▸ **Supplied entries**:
● ● ● ● ● ● ●

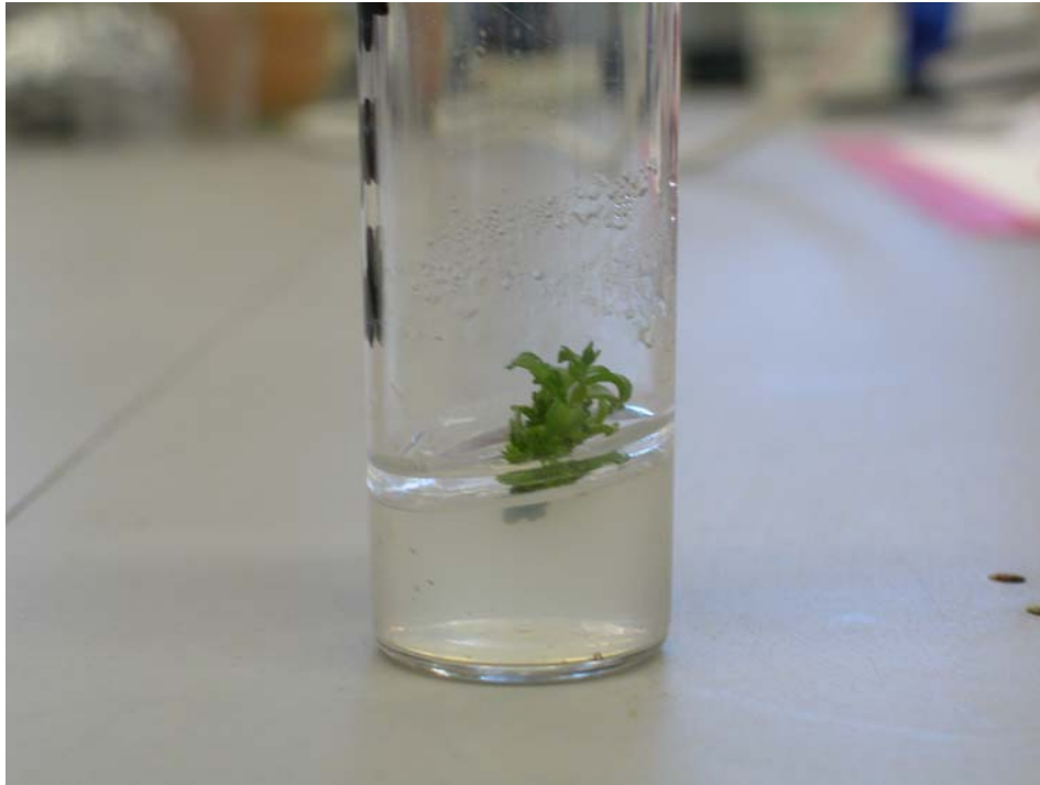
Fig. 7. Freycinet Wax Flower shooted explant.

● ● ● ● ● ● ●

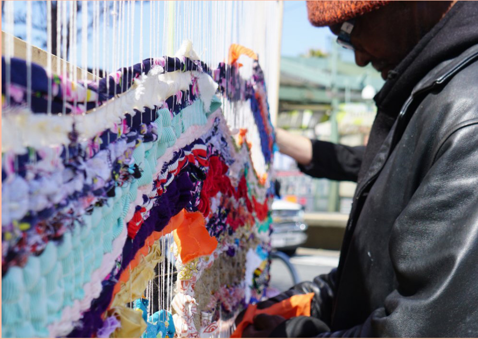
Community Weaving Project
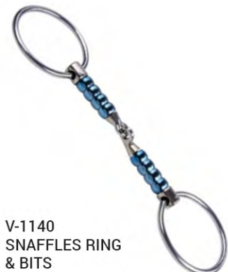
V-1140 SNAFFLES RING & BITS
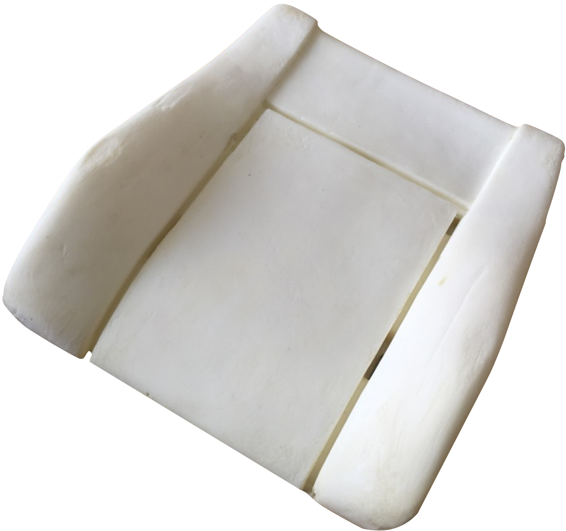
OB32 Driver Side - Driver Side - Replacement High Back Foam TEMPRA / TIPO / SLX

● ● ● ● ● ● ●

The lines to reproduce run from the one above containing "Community Weaving Project" through the one containing "OB32 Driver Side". Copy them exactly and leave out all pictures.

Community Weaving Project
V-1140 SNAFFLES RING & BITS
OB32 Driver Side - Driver Side - Replacement High Back Foam TEMPRA / TIPO / SLX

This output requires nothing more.